Healthcare executives are bullish on the financial performance of their own organizations looking into 2019, but they are less enthusiastic about the sector as a whole, according to a recent survey from J.P. Morgan.
On the national economy, 71 percent of respondents were optimistic, but just 41 percent said the same about the healthcare industry’s performance. Another 28 percent were pessimistic about the industry’s performance, but 62 percent were optimistic about their organization’s performance.
The biggest concerns among executives were revenue growth, rising expenses and labor costs, the survey found. Other concerns included regulatory requirements and changes, talent shortage, the competitive environment, managing data and technology requirements and development.
The concerns are reflective of the current environment, according to Will Williams, managing director and industry executive for the Healthcare Middle Market Banking group within Commercial Banking at J.P. Morgan.
“Healthcare is going through the most transition of any industry in the country right now,” Williams said in the report.

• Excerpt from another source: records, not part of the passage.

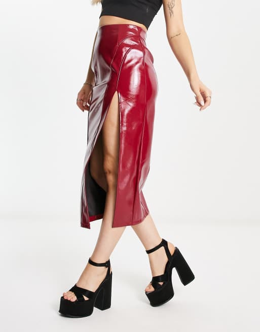 ASOS DESIGN Gonna midi in vinile rossa con spacco ASOS Very well made.
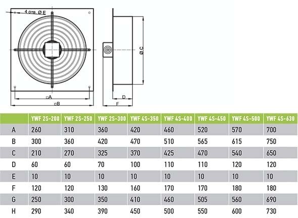 ВанВент Вентилятор Ванвент YWF2T-250BF осевой в квадратном фланце (1330 m/h, 380 V) интересное:
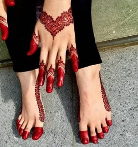 इतना ही नहीं आप हाथों में ट्रेडिशनल डिज़ाइन वाला आलता लगाए। उस पर ही आप मेहंदी की नकाशी भी कर सकते हैं। ऐसे में आपके हाथ में मेहंदी भी लग जाएगी और मेहंदी के बिना इस्तेमाल से हाथ भी सुन्दर लगेंगे।
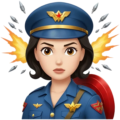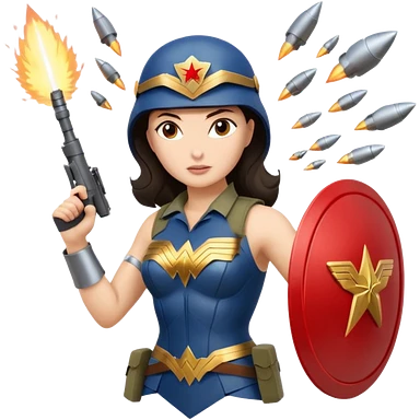 Female full confidence battle ready soldier heroically saving lives accompanied by Wonder Woman , with shelling happening all around emoji
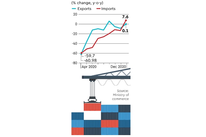 Merchandise exports inched up in December, for a second time since February 2020, while imports advanced for the first time in 10 months, suggesting a gradual return towards normalcy.

The shift from fee-for-service to value-based care has hit the industry hard, and executives are quickly adapting for success. Those feelings of optimism are likely due to the sense that individual organizations can adapt to industry changes.
“Healthcare industry leaders are operating in a challenging environment, but they’re taking the necessary steps to plan for success,” Williams said in a statement. “The industry is seeing a shift to value-based care and navigating a changing regulatory environment. Despite uncertainty, executives are planning to make strategic investments to capitalize on potential growth opportunities.”

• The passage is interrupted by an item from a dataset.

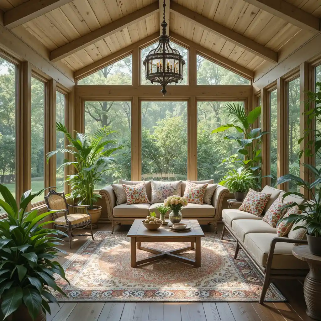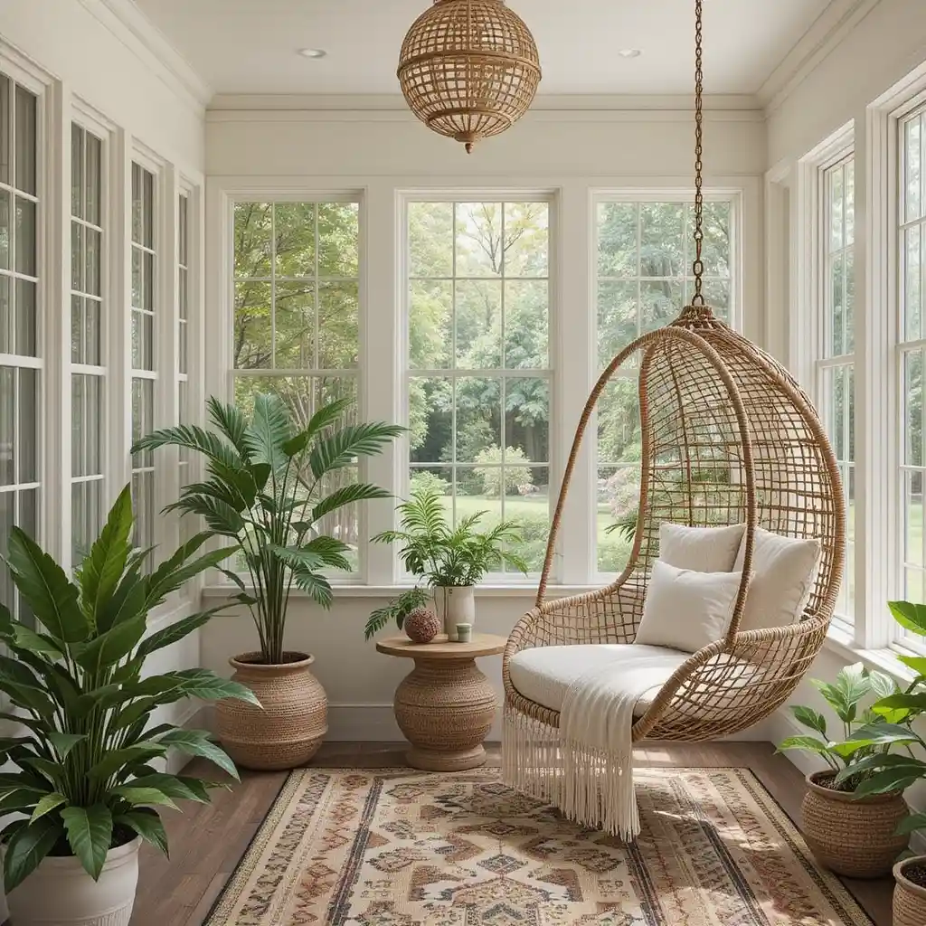 Incorporate wood accents, earthy colors, and leafy plants for a peaceful, organic feel. This makes the sunroom feel like an extension of the outdoors.

With these challenges, executives are focused on growth strategies, with attracting new patients being a top priority for 61 percent of respondents. The focus on patients may reflect changing consumer preferences.
“You can shop for healthcare like you would a new pair of jeans,” Jenny Edwards, commercial banker in the healthcare practice at J.P. Morgan, said in a statement.
More than half also cited expanding target markets as a top strategy, while 44 percent pointed to expanding or diversifying products and service offerings. Another 42 percent cited joint ventures or strategic partnerships and 26 percent said mergers and acquisitions were top growth strategies for 2019.
However, growth could be difficult amid a talent shortage, and 92 percent of executives stated they were at least somewhat concerned with finding the right candidates for roles. For more than one-third of respondents, talent shortage was one of their top three challenges.
The most challenging positions to fill included:
- Physicians (52 percent)
- Nurses (46 percent)
- Other healthcare professionals (38 percent)
- Mid-level management (29 percent)
- Administrative positions (21 percent)
- Senior management (18 percent)
The problem is also compounded by issues of burnout among healthcare professionals.
Fortunately, many executives are willing to make the necessary investments for growth strategies, including 44 percent who plan to invest in physician recruitment. Just over half plan to invest in IT over the next 12 months, while 36 percent will invest in new or replacement facilities.